# DecisionProgramming.jl

DecisionProgramming.jl is a Julia package for solving multi-stage decision problems under uncertainty, modeled using influence diagrams, and leveraging the power of mixed-integer linear programming. The Decision Programming approach to solving multi-stage decision problems under uncertainty consists of the following three steps.

In the first step, we model the decision problem using an influence diagram with associated probabilities, consequences, and path utility function.

In the second step, we create a decision model corresponding to the influence diagram using a suitable objective function. We solve the model to obtain an optimal decision strategy.

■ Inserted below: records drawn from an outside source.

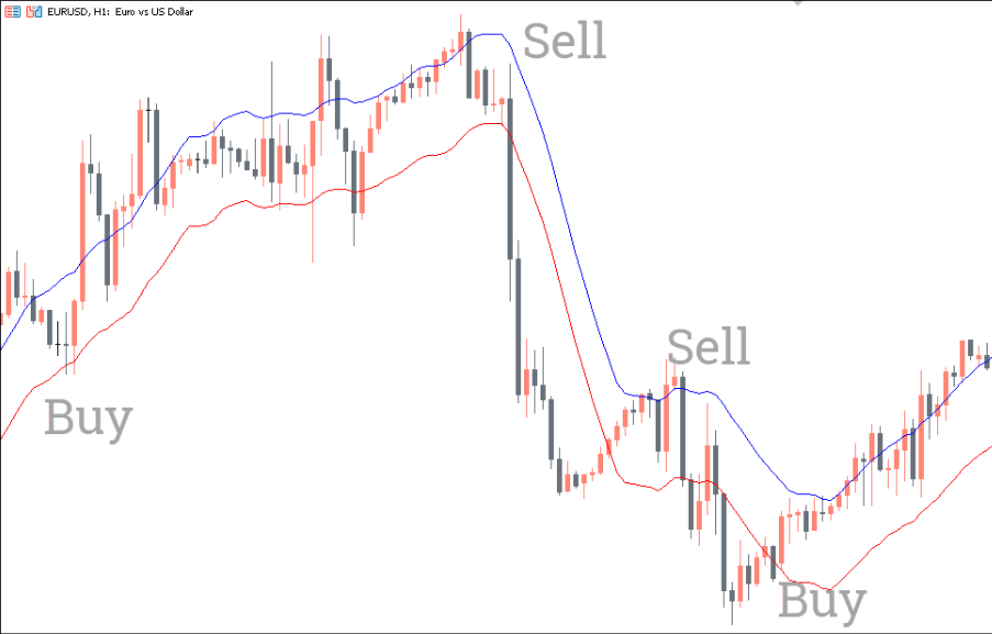 The Envelopes Indicator displays two color-coded lines—typically red and blue—that move in response to market activity.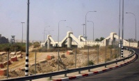 Qasr al-Yahud - Place of Jesus Baptism, on the bank of the Jordan River, North of the Dead Sea, Israel - Beginn der Sperrzone - Tor zur Straße, die zum Jordan führt, im Hintergrund erheben sich die Türme zweier Kirchen, die dort schon auf jordanischem Gebiet stehen - Bildquelle: Wikipedia - Autor: Deror avi - Lizenz s.u.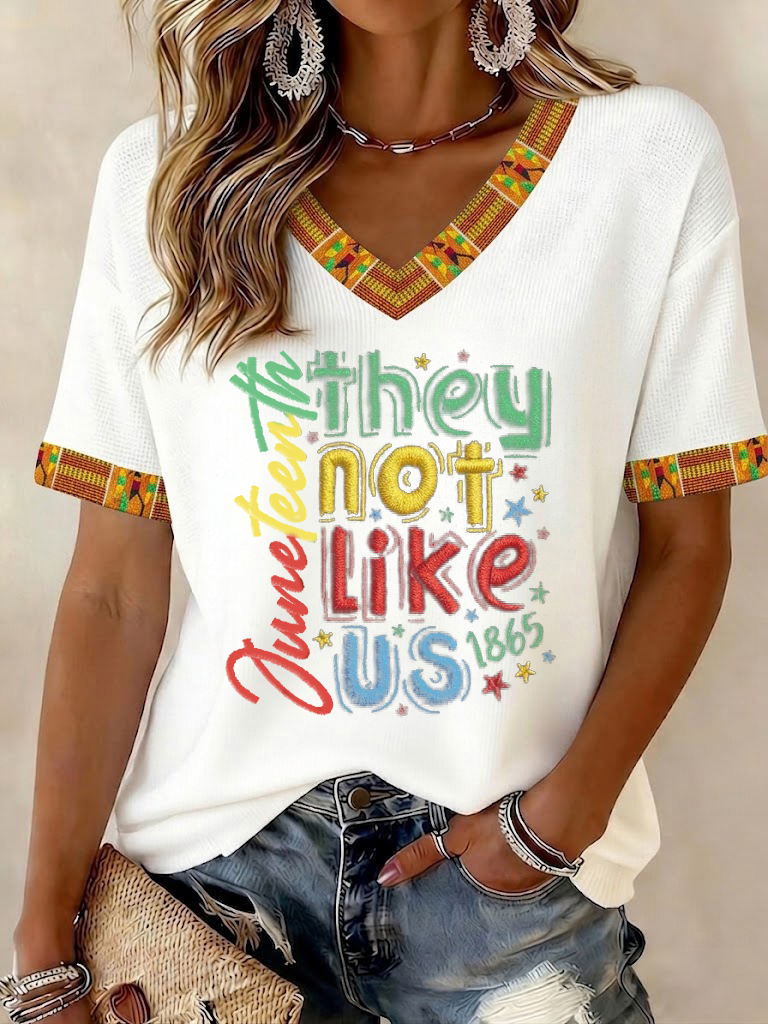 Women's Juneteenth They Not Like Us Printed V-neck T-shirt

We can create and solve multiple models with different objectives for the same influence diagram to receive various optimal decision strategies.

In the third step, we analyze the resulting decision strategies for the influence diagram. In particular, we are interested in the utility distribution and its associated statistics and risk measures.

DecisionProgramming.jl provides the necessary functionality for expressing and solving decision problems but does not explain how to design influence diagrams. The rest of this documentation will describe the mathematical and programmatic details, touch on the computational challenges, and provide concrete examples of solving decision problems.

The examples start with a rather simple and easily approachable Used Car Buyer problem that can be also solved using more conventional methods such as decision trees. The following two examples illustrate the capabilities of the framework in problems where the no-forgetting assumption does not hold and solving the influence diagram with well-established techniques is thus impossible. In the Pig Breeding problem, only the most recent information is available when making each decision, thus breaking the no-forgetting assumption, while in the N-Monitoring problem, the decisions are made in parallel with no communication between the decision makers, also leading to the assumption not working. The Contingent Portfolio Programming example is a more advanced one, demonstrating the versatility of the framework in adding decision variables and constraints. The CHD Preventative Care example showcases the use of probability scaling and forbidding specific decision strategies.

DecisionProgramming.jl is developed in the Systems Analysis Laboratory at Aalto University by Ahti Salo, Fabricio Oliveira, Juho Andelmin, Olli Herrala, Jaan Tollander de Balsch and Helmi Hankimaa.